Fanny looked at him inquiringly, and in surprise. "I confess," she said, in an embarrassed tone, "that I did not anticipate your visit by any means until Fanchon announced it to me, and I only mention it to apologize for the dishabille in which you find me."

"Ah, you did not expect me, then?" exclaimed the baron, mournfully.

"You have forgotten every thing? You did not remember that this is the anniversary of our wedding, and that five years have elapsed since that time?"

"Indeed," whispered Fanny, in confusion, "I did not know that this was the day."

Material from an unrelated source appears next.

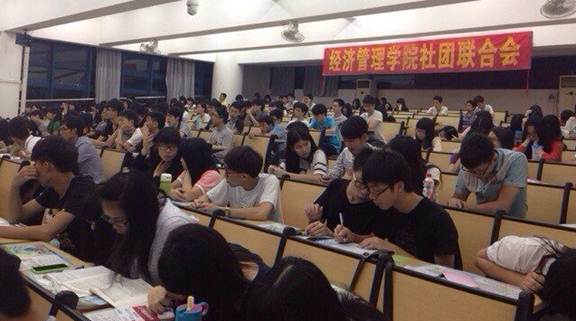 5月12日,经济管理学院社团联合会在教学楼8栋300举办“读大学,究竟读什么”经验交流会。经济管理学院近300名师生参加了本次活动。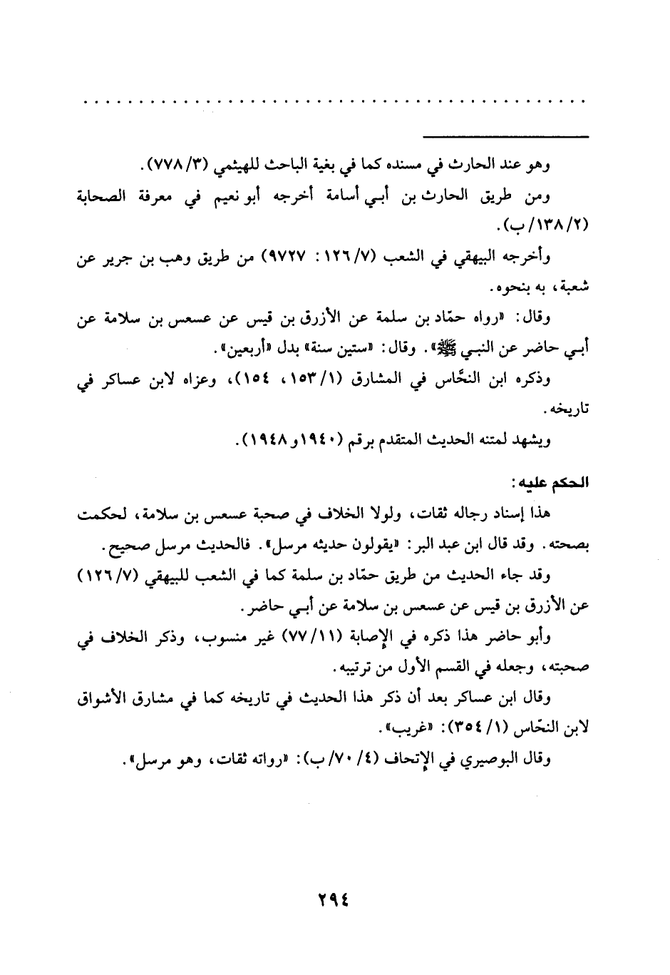 وقد جاء الحديث من طريق حمّاد بن سلمة كما في الشعب للبيهقي (7/ 126) عَنِ الْأَزْرَقِ بْنِ قَيْسٍ عَنْ عَسْعَسِ بْنِ سلامة عن أبي حاضر.

"You felt its burden day after day, and it seemed to you, therefore, as though that ill-starred day were being renewed for you all the year round," exclaimed the baron, sadly. "Pardon my impetuosity and my complaints," he continued, when he saw that she turned pale and averted her face. "I will be gentle, and you shall have no reason to complain of me. But as you have forgotten the agreement which we made five years ago, permit me to remind you of it."

He took a chair, and, sitting down opposite her, fixed a long, melancholy look upon her. "When I led you to the altar five years ago to-day," he said, feelingly, "you were, perhaps, less beautiful than now, less brilliant, less majestic; but you were in better and less despondent spirits, although you were about to marry a man who was entirely indifferent to you."

"Oh, I did not say that you were indifferent to me," said Fanny, in a low voice; "only I did not know you, and, therefore, did not love you."